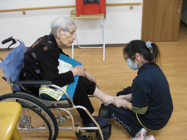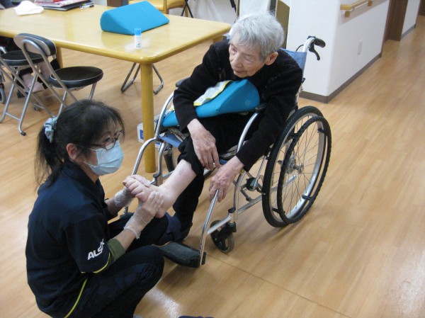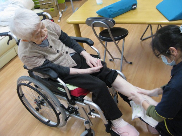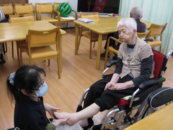 こんにちは!グループホームみんなの家・あきがせの介護ブログです。よろしくお願いいたします。車椅子対応になられたご入居者様が増えてきたため、浮腫み予防に努めています。足の上げ下げをしたりと工夫をしています。今日はセラピーを取り入れて浮腫み予防をしています。少しでも浮腫みの解消ができればと考えています!!
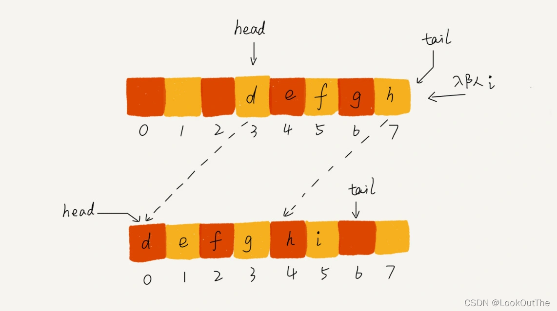 这个实现中,一共有2个变量,用来标记数据的头和尾。当数组满后,无法入队。当数组后半部分满了之后,我们入队的时候,需要将数据移动到数组的左边,然后重新修改head和tail。使得数组可以继续入队。
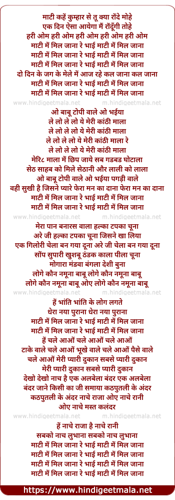 Lyrics of Maati Kahe Kumbhar Se Tu Kya Raunde Mohe - माटी कहें कुम्हार से तू क्या रोंदे मोहे
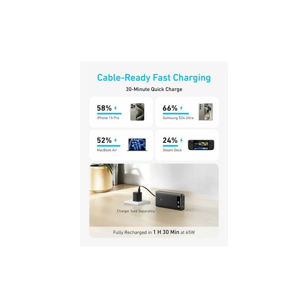 Anker Power Bank (20000mAh) 87W, s USB-C kabelem černá
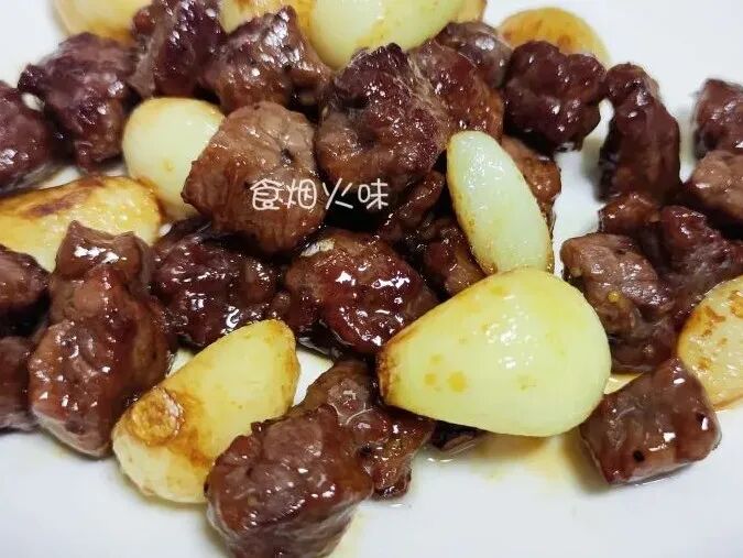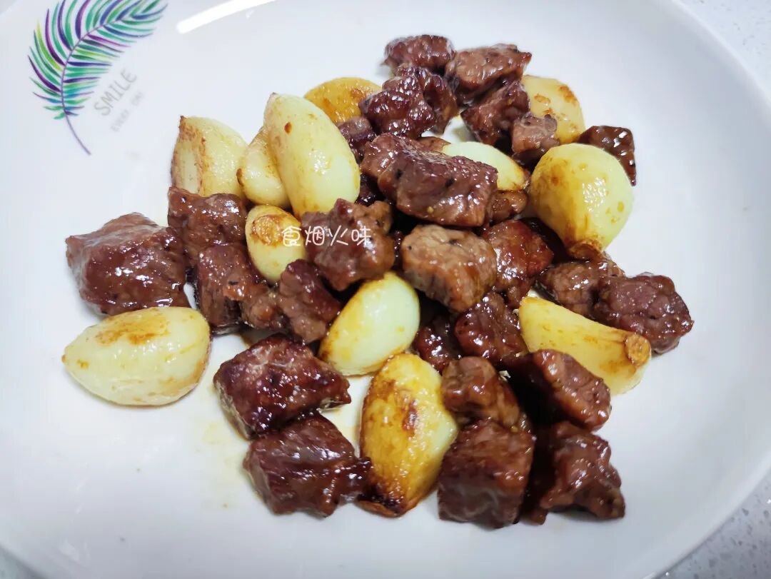 大蒜经过煎煮,出锅后软糯鲜美,不会再有辛辣味,绵绵的比新鲜的好吃。而牛肉丁口感嫩滑鲜美,特别鲜嫩,融合着大蒜的鲜味,好吃极了。吃饭的时候,有这道菜,饭都不愁吃不完了。
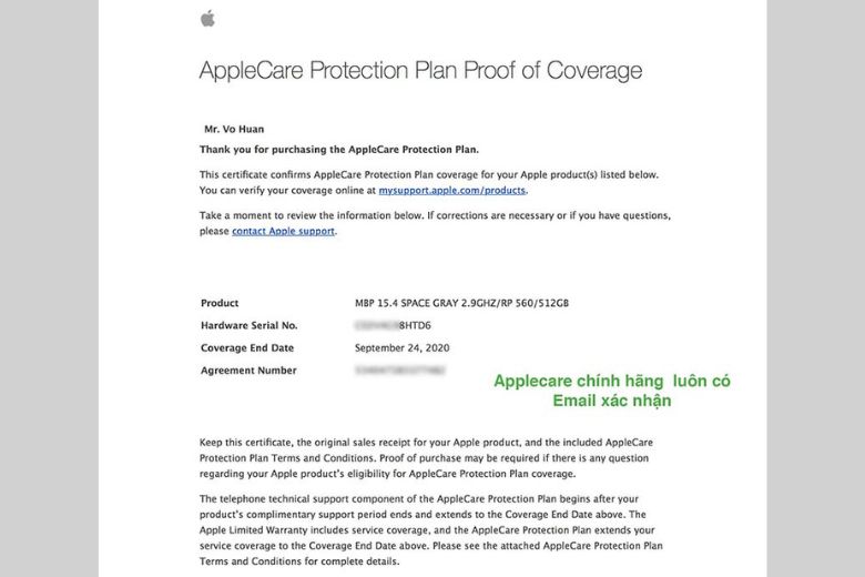 Sau khi đăng ký thành công, Apple sẽ gửi một email xác nhận đã mua gói AppleCare.
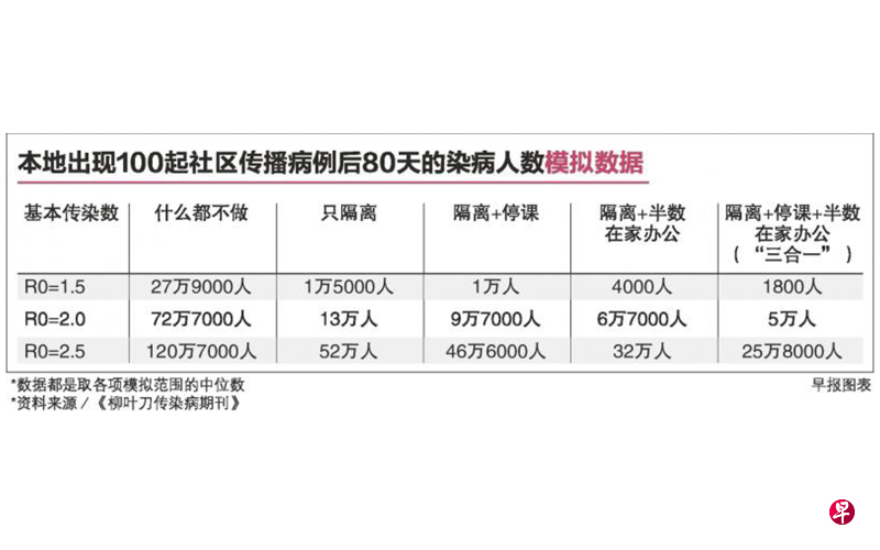 结果显示,以最轻微的传染力度,也就是R0等于1.5来说,在出现100起病例后的80天,如果什么都不做的话,本地将有27万9000人染病;如果只做隔离,人数将减至1万5000人;如果是隔离加停课,人数可减至1万人;如果是隔离加半数在家办公,就只有4000人染病,如果是“三合一”措施,人数可进一步减至1800人。(见表)
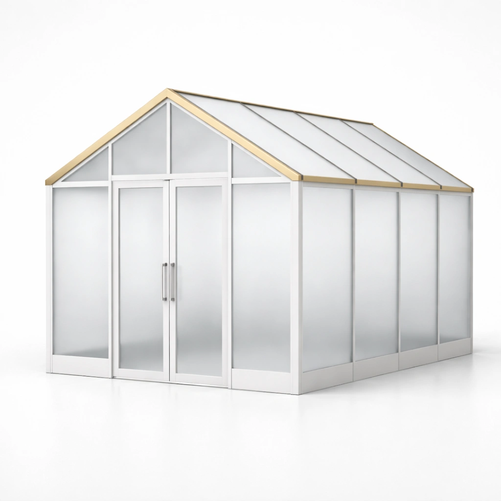 Invernadero fabricado con estructura de aluminio y paneles de policarbonato transparente de 6 mm de grosor, con techo dorado. Proporciona protección contra el clima y optimiza la luz solar. Incluye puertas correderas con manijas y diseño de techo a dos aguas. Dimensiones: 300cm de largo, 200cm de ancho y 250cm de alto. Capaz de resistir temperaturas desde -20°C hasta 60°C, con una transmisión de luz del 90%.
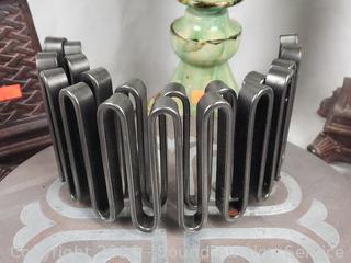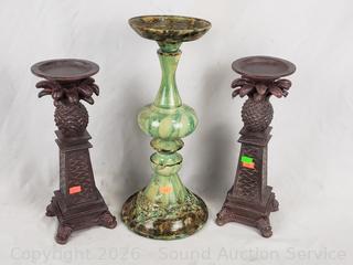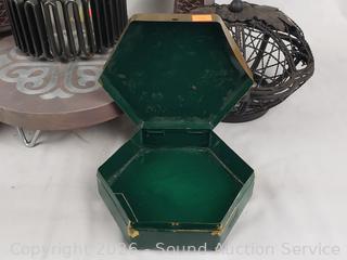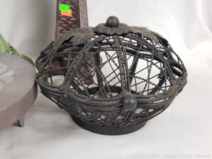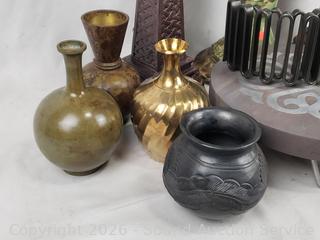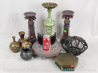 Vases, candleholders, metal woven basket, etc. Refer to photos for lot contents, more details.
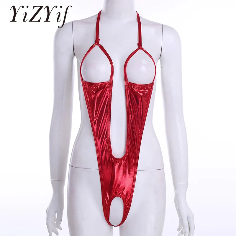 Женское сексуальное нижнее белье, слитный купальник, лакированная кожа, открытый бюст, открытая спина, боди с открытой промежностью, костюмы, ночное белье

━━━

*To do*.
Write the listing above out again exactly, dropping each image.

*Output of the exercise*.
 こんにちは!グループホームみんなの家・あきがせの介護ブログです。よろしくお願いいたします。車椅子対応になられたご入居者様が増えてきたため、浮腫み予防に努めています。足の上げ下げをしたりと工夫をしています。今日はセラピーを取り入れて浮腫み予防をしています。少しでも浮腫みの解消ができればと考えています!!
 这个实现中,一共有2个变量,用来标记数据的头和尾。当数组满后,无法入队。当数组后半部分满了之后,我们入队的时候,需要将数据移动到数组的左边,然后重新修改head和tail。使得数组可以继续入队。
 Lyrics of Maati Kahe Kumbhar Se Tu Kya Raunde Mohe - माटी कहें कुम्हार से तू क्या रोंदे मोहे
 Anker Power Bank (20000mAh) 87W, s USB-C kabelem černá
 大蒜经过煎煮,出锅后软糯鲜美,不会再有辛辣味,绵绵的比新鲜的好吃。而牛肉丁口感嫩滑鲜美,特别鲜嫩,融合着大蒜的鲜味,好吃极了。吃饭的时候,有这道菜,饭都不愁吃不完了。
 Sau khi đăng ký thành công, Apple sẽ gửi một email xác nhận đã mua gói AppleCare.
 结果显示,以最轻微的传染力度,也就是R0等于1.5来说,在出现100起病例后的80天,如果什么都不做的话,本地将有27万9000人染病;如果只做隔离,人数将减至1万5000人;如果是隔离加停课,人数可减至1万人;如果是隔离加半数在家办公,就只有4000人染病,如果是“三合一”措施,人数可进一步减至1800人。(见表)
 Invernadero fabricado con estructura de aluminio y paneles de policarbonato transparente de 6 mm de grosor, con techo dorado. Proporciona protección contra el clima y optimiza la luz solar. Incluye puertas correderas con manijas y diseño de techo a dos aguas. Dimensiones: 300cm de largo, 200cm de ancho y 250cm de alto. Capaz de resistir temperaturas desde -20°C hasta 60°C, con una transmisión de luz del 90%.
 Vases, candleholders, metal woven basket, etc. Refer to photos for lot contents, more details.
 Женское сексуальное нижнее белье, слитный купальник, лакированная кожа, открытый бюст, открытая спина, боди с открытой промежностью, костюмы, ночное белье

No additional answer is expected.